**DATA SHOWN:**

++++

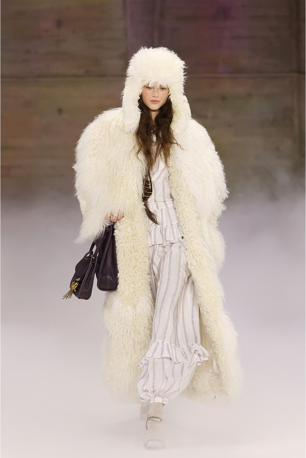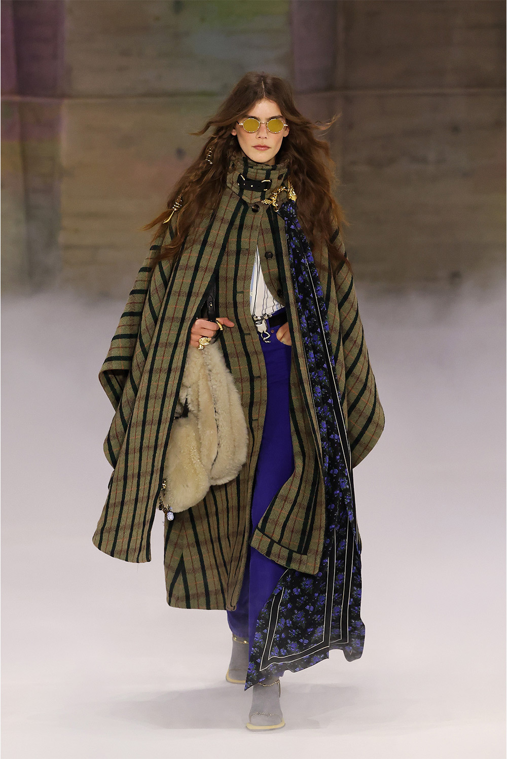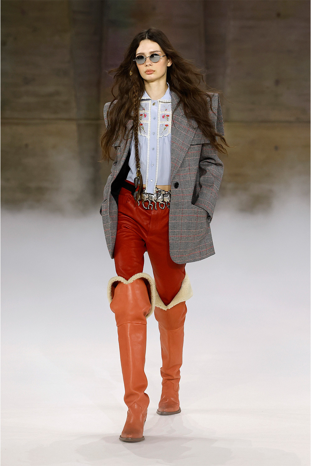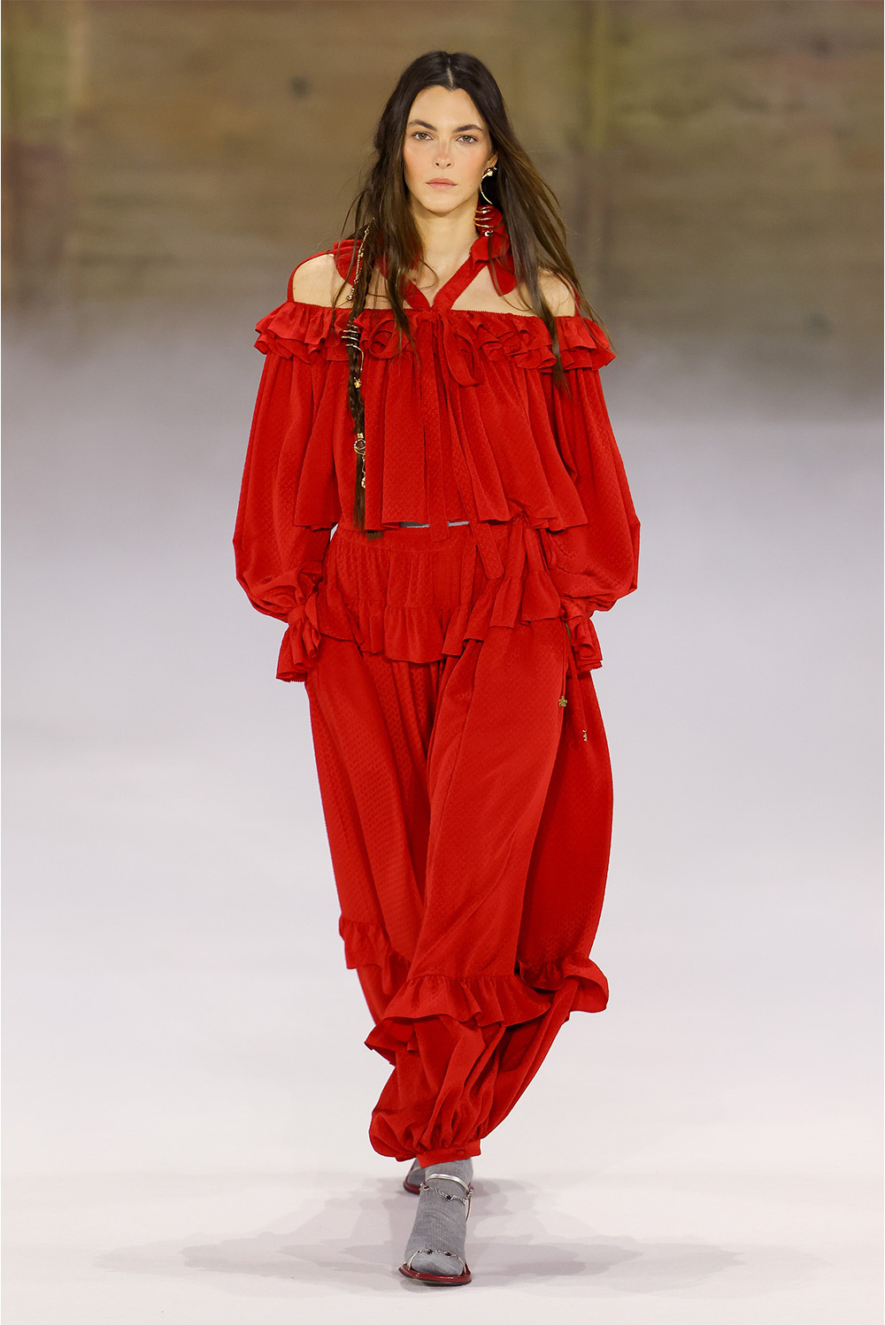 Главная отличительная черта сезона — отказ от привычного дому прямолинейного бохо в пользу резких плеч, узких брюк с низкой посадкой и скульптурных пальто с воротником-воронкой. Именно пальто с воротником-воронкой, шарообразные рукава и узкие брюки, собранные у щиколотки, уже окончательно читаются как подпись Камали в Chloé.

++++

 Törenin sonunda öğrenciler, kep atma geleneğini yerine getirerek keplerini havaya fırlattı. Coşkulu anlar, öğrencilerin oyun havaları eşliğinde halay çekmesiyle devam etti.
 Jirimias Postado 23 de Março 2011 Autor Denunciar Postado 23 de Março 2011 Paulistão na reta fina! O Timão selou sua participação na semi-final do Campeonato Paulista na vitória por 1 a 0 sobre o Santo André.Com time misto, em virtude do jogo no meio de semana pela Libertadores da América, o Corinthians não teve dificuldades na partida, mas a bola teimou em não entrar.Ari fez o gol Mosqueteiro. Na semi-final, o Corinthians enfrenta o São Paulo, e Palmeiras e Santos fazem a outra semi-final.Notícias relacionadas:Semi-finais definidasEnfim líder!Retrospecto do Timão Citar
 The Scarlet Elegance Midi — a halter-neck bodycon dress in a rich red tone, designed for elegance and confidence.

++++

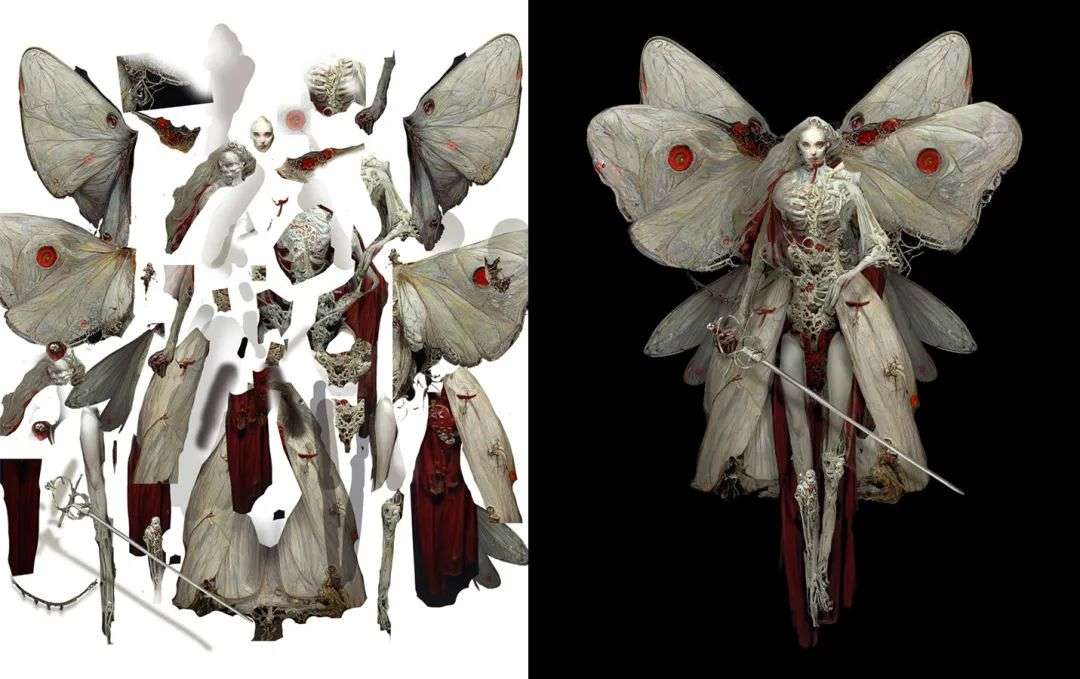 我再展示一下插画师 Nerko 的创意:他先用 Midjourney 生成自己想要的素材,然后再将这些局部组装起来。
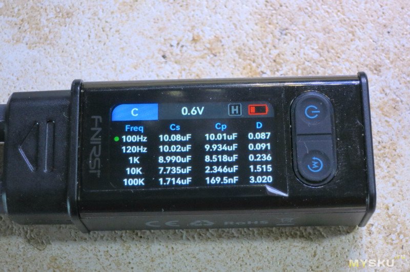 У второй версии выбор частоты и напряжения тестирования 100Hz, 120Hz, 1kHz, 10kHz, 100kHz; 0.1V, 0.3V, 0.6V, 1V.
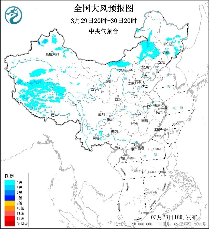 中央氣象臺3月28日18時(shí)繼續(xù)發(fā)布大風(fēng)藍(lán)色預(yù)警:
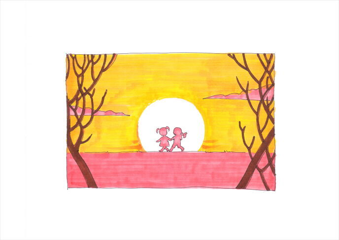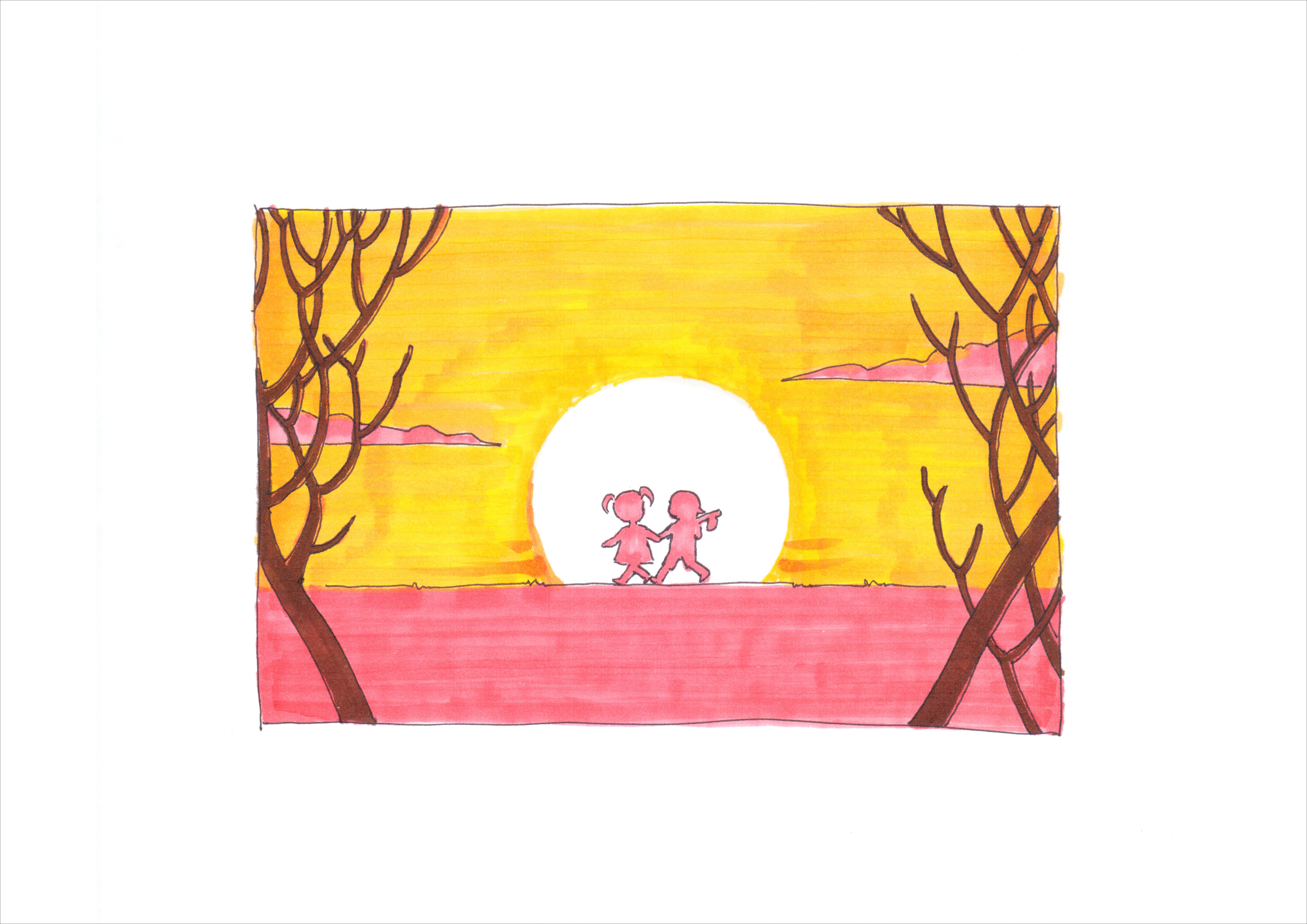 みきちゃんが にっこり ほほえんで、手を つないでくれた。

++++

**WHAT YOU SHOULD DO:** I'd like the lines above from the one with "Jirimias Postado 23" up to and including the one with "The Scarlet Elegance" copied exactly, with no other lines.

**TASK SOLUTION:**
 Jirimias Postado 23 de Março 2011 Autor Denunciar Postado 23 de Março 2011 Paulistão na reta fina! O Timão selou sua participação na semi-final do Campeonato Paulista na vitória por 1 a 0 sobre o Santo André.Com time misto, em virtude do jogo no meio de semana pela Libertadores da América, o Corinthians não teve dificuldades na partida, mas a bola teimou em não entrar.Ari fez o gol Mosqueteiro. Na semi-final, o Corinthians enfrenta o São Paulo, e Palmeiras e Santos fazem a outra semi-final.Notícias relacionadas:Semi-finais definidasEnfim líder!Retrospecto do Timão Citar
 The Scarlet Elegance Midi — a halter-neck bodycon dress in a rich red tone, designed for elegance and confidence.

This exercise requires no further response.